▶ _INFORMATION SHOWN_:
┏━━

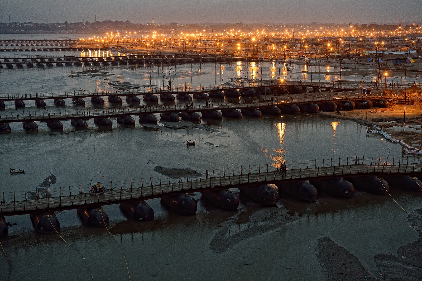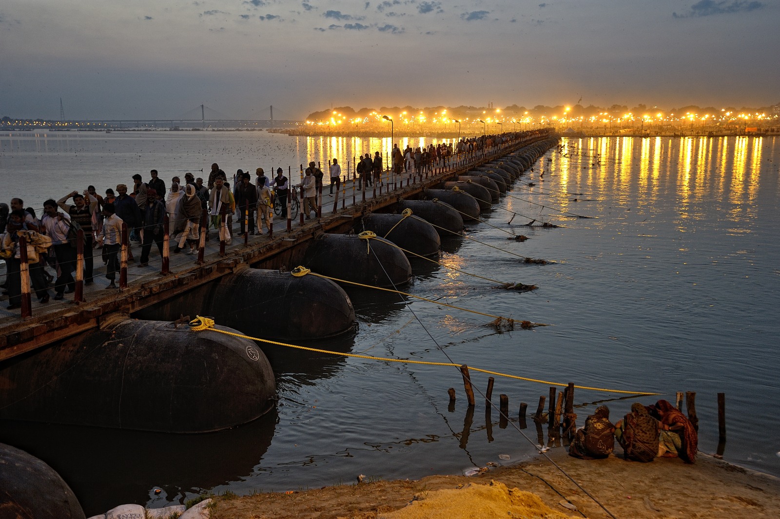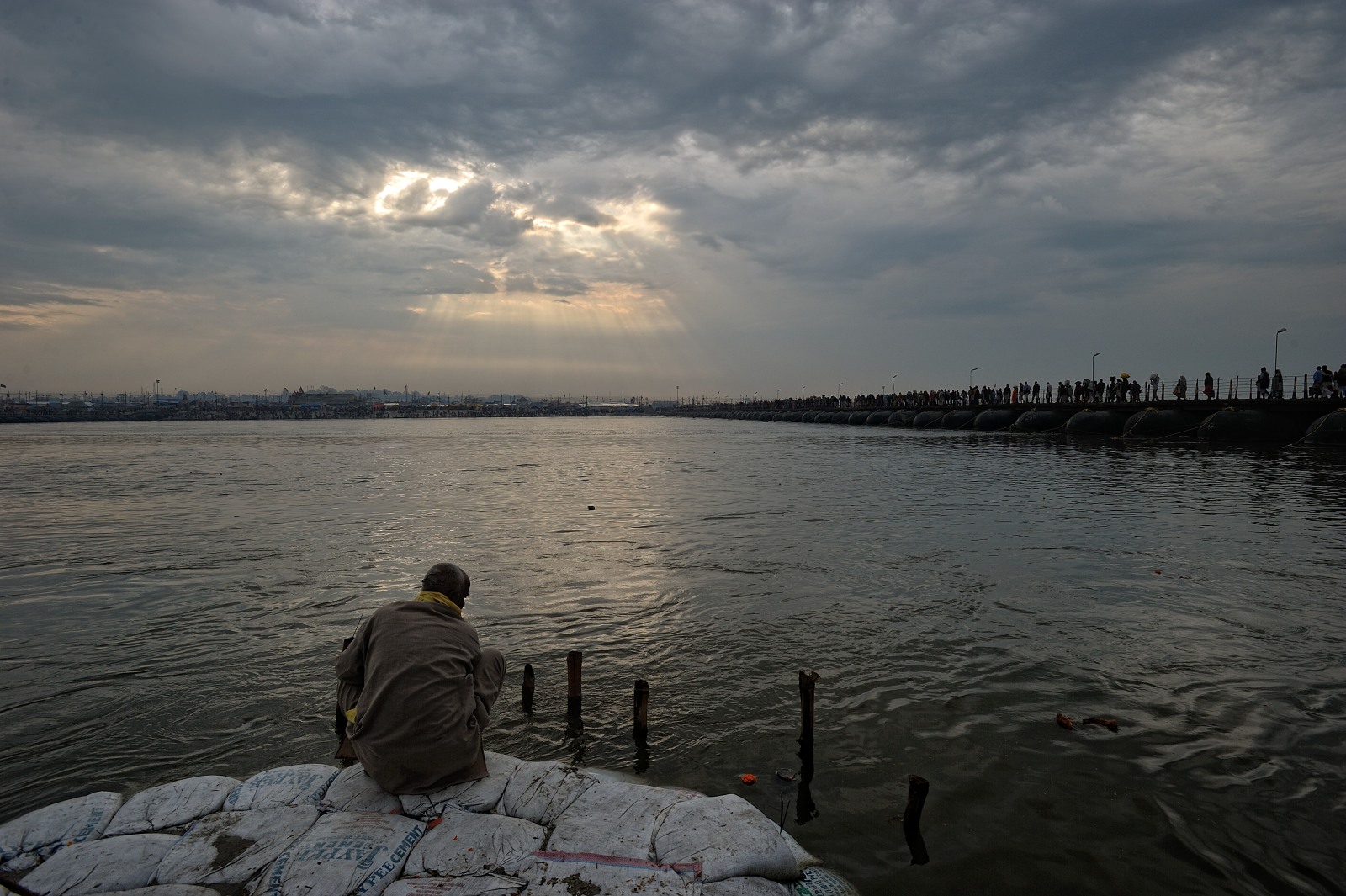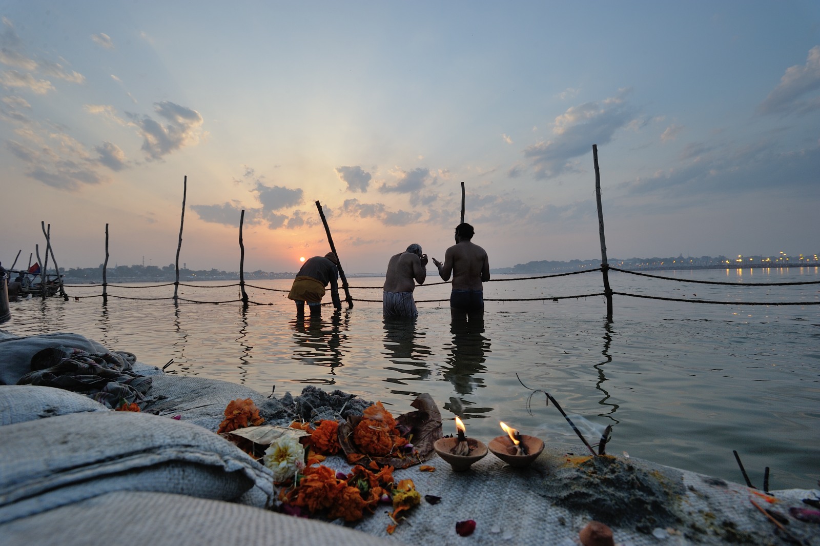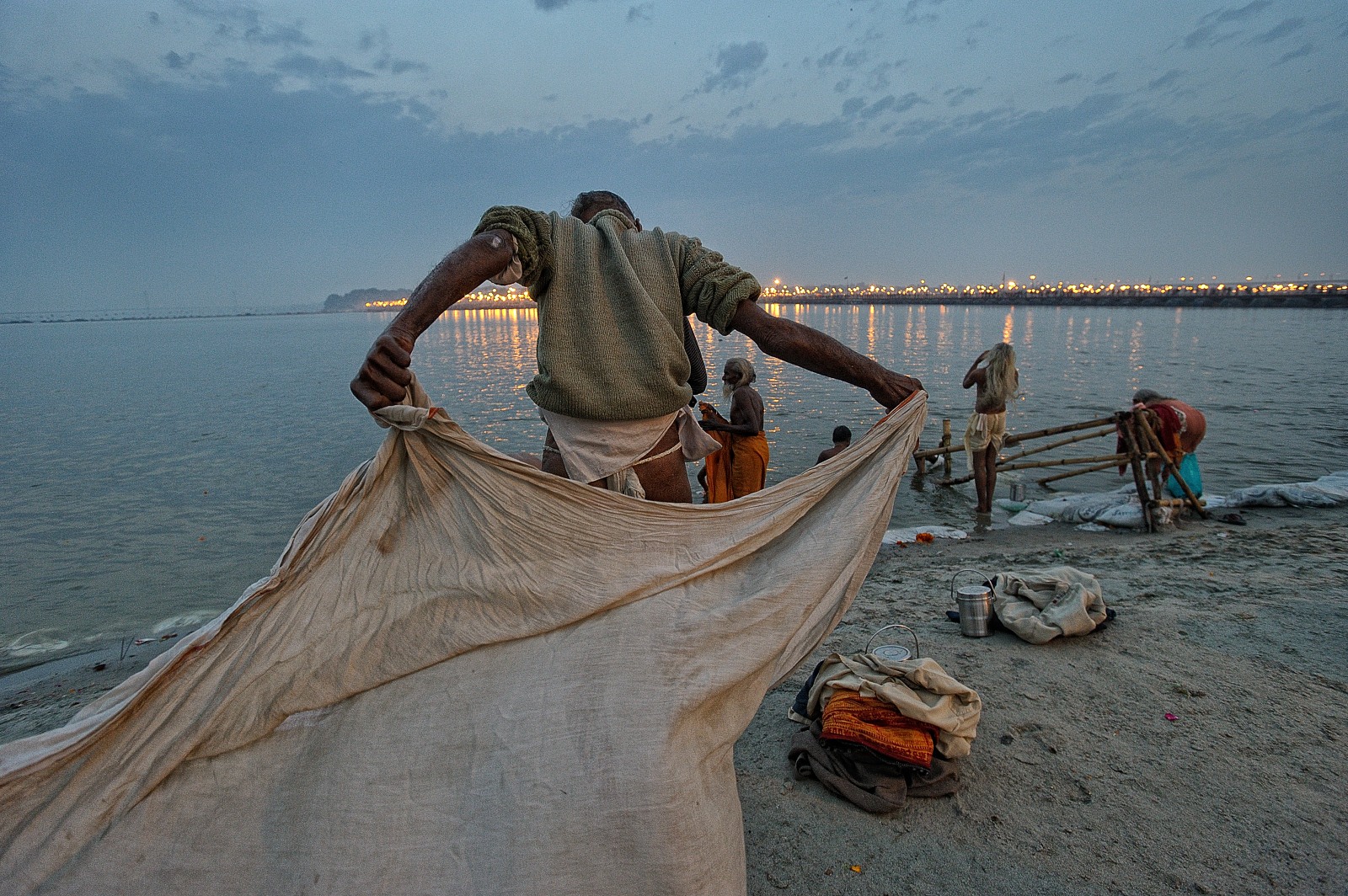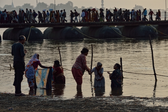 [Secondo moltissimi miti e religioni l’acqua è anche l’elemento purificatore: lo è nel battesimo per i cristiani, come nelle abluzioni prima della preghiera per i musulmani e gli ebrei. Ma lo è soprattutto qui nel sangam, il luogo dove il Gange si unisce allo Yamuna e al mitologico terzo fiume sotterraneo, nei riti quotidiani lungo le rive come nel bagno sacro collettivo che ogni tre anni vede milioni di pellegrini immergersi durante le sei settimane di celebrazione del Kumbh Mela].
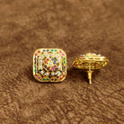 Royal Navratna Square Stud Earrings – Traditional Multicolor Designer Artificial Jewellery | Sanvi Jewels
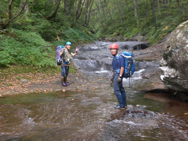 昔「天国で結ぶ恋」(確か、天城山心中?)というのがあったが、「天国のナメ」ってなんや? という興味もあって、ここのところ東北の山旅をしている三人組で紅葉の渓をもとめて一路「仙台」の西方にある二口山塊の「おおなめさわ」に行った。
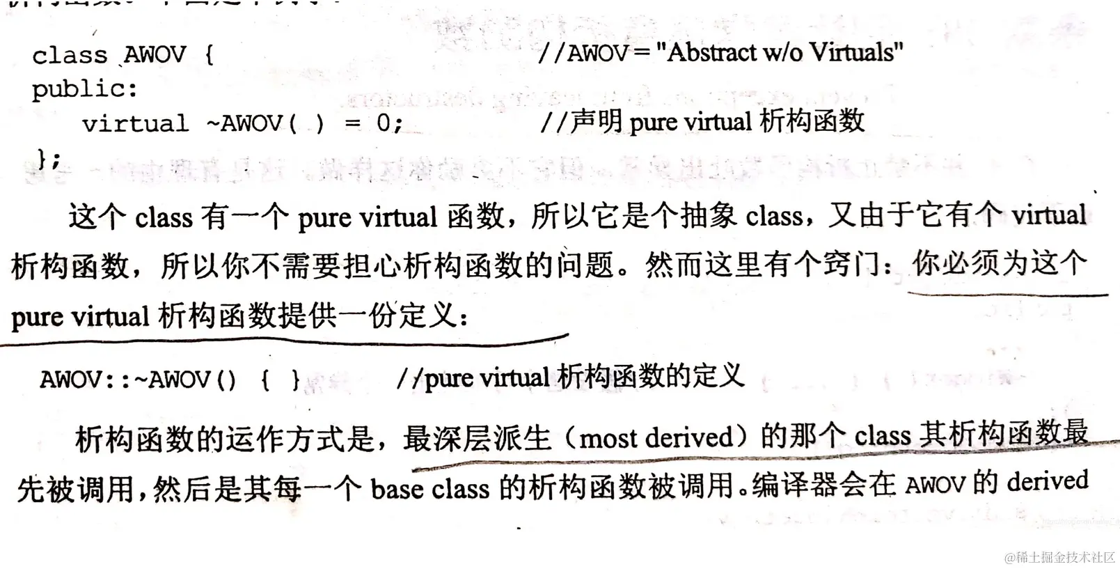 和构造函数类似,析构函数也不能被继承。与构造函数不同的是,在派生类的析构函数中不用显式地调用基类的析构函数,因为每个类只有一个析构函数,编译器知道如何选择,无需程序员干涉。

┗━━

▶ _TASK ITEM_: In transcribing the material above, reproduce each line exactly and include none of the pictures.

▶ _ANSWER TO THIS PROBLEM_:
 [Secondo moltissimi miti e religioni l’acqua è anche l’elemento purificatore: lo è nel battesimo per i cristiani, come nelle abluzioni prima della preghiera per i musulmani e gli ebrei. Ma lo è soprattutto qui nel sangam, il luogo dove il Gange si unisce allo Yamuna e al mitologico terzo fiume sotterraneo, nei riti quotidiani lungo le rive come nel bagno sacro collettivo che ogni tre anni vede milioni di pellegrini immergersi durante le sei settimane di celebrazione del Kumbh Mela].
 Royal Navratna Square Stud Earrings – Traditional Multicolor Designer Artificial Jewellery | Sanvi Jewels
 昔「天国で結ぶ恋」(確か、天城山心中?)というのがあったが、「天国のナメ」ってなんや? という興味もあって、ここのところ東北の山旅をしている三人組で紅葉の渓をもとめて一路「仙台」の西方にある二口山塊の「おおなめさわ」に行った。
 和构造函数类似,析构函数也不能被继承。与构造函数不同的是,在派生类的析构函数中不用显式地调用基类的析构函数,因为每个类只有一个析构函数,编译器知道如何选择,无需程序员干涉。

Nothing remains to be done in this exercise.